PROBLEM TO SOLVE: Your answer should be the lines below from the one with "El edificio cuenta" to the one with "习近平强调,中韩建交以来,友", both included, given again exactly and with nothing added.

++++ MATERIAL FOR THIS TASK

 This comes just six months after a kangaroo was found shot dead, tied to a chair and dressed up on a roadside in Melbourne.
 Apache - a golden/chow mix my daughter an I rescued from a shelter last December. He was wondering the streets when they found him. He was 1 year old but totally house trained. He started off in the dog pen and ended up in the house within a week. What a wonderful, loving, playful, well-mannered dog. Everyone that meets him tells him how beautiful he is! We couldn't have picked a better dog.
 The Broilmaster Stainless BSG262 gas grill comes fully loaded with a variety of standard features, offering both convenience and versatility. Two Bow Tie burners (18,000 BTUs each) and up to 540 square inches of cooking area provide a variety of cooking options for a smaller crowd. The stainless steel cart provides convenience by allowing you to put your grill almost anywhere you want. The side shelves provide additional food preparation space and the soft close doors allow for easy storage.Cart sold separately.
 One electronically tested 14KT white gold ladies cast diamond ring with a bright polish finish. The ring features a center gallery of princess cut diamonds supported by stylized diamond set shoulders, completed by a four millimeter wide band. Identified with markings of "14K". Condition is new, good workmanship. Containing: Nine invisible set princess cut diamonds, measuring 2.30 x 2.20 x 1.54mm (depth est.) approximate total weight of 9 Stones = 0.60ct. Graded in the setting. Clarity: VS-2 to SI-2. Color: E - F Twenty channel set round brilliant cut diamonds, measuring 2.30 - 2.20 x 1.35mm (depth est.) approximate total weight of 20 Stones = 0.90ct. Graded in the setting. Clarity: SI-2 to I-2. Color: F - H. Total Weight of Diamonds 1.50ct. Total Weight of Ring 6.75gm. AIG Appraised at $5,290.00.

++++++++
++++ MATERIAL FOR THIS TASK

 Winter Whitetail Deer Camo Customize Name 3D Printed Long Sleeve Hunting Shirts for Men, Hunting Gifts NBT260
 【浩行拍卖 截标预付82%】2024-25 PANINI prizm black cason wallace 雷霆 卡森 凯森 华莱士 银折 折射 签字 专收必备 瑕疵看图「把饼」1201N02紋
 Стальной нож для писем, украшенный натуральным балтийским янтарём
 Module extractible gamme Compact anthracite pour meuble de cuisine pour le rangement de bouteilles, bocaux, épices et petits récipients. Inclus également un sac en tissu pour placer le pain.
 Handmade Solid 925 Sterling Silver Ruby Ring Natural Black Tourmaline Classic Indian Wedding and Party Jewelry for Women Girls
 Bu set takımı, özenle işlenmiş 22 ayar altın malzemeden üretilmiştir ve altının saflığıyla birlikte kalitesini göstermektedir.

++++++++
++++ MATERIAL FOR THIS TASK

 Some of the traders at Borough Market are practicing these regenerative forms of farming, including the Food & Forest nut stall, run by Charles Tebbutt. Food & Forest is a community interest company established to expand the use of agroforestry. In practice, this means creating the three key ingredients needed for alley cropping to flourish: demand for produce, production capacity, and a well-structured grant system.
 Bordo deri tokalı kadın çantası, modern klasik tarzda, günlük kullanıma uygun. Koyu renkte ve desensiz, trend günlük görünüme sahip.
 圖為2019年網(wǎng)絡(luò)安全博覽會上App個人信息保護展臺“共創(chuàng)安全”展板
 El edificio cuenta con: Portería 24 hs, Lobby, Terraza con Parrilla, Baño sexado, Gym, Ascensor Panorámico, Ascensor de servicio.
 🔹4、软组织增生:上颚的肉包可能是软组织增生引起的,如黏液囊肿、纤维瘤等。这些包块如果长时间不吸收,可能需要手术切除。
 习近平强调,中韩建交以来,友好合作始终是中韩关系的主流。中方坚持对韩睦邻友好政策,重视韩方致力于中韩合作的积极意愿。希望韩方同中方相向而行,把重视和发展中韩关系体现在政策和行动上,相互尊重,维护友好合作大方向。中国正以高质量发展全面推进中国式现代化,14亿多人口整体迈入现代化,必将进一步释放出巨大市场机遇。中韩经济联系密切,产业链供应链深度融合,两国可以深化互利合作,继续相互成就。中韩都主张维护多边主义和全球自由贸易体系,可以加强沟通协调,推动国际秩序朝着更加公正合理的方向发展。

++++++++

RESULT OF THE EXERCISE:
 El edificio cuenta con: Portería 24 hs, Lobby, Terraza con Parrilla, Baño sexado, Gym, Ascensor Panorámico, Ascensor de servicio.
 🔹4、软组织增生:上颚的肉包可能是软组织增生引起的,如黏液囊肿、纤维瘤等。这些包块如果长时间不吸收,可能需要手术切除。
 习近平强调,中韩建交以来,友好合作始终是中韩关系的主流。中方坚持对韩睦邻友好政策,重视韩方致力于中韩合作的积极意愿。希望韩方同中方相向而行,把重视和发展中韩关系体现在政策和行动上,相互尊重,维护友好合作大方向。中国正以高质量发展全面推进中国式现代化,14亿多人口整体迈入现代化,必将进一步释放出巨大市场机遇。中韩经济联系密切,产业链供应链深度融合,两国可以深化互利合作,继续相互成就。中韩都主张维护多边主义和全球自由贸易体系,可以加强沟通协调,推动国际秩序朝着更加公正合理的方向发展。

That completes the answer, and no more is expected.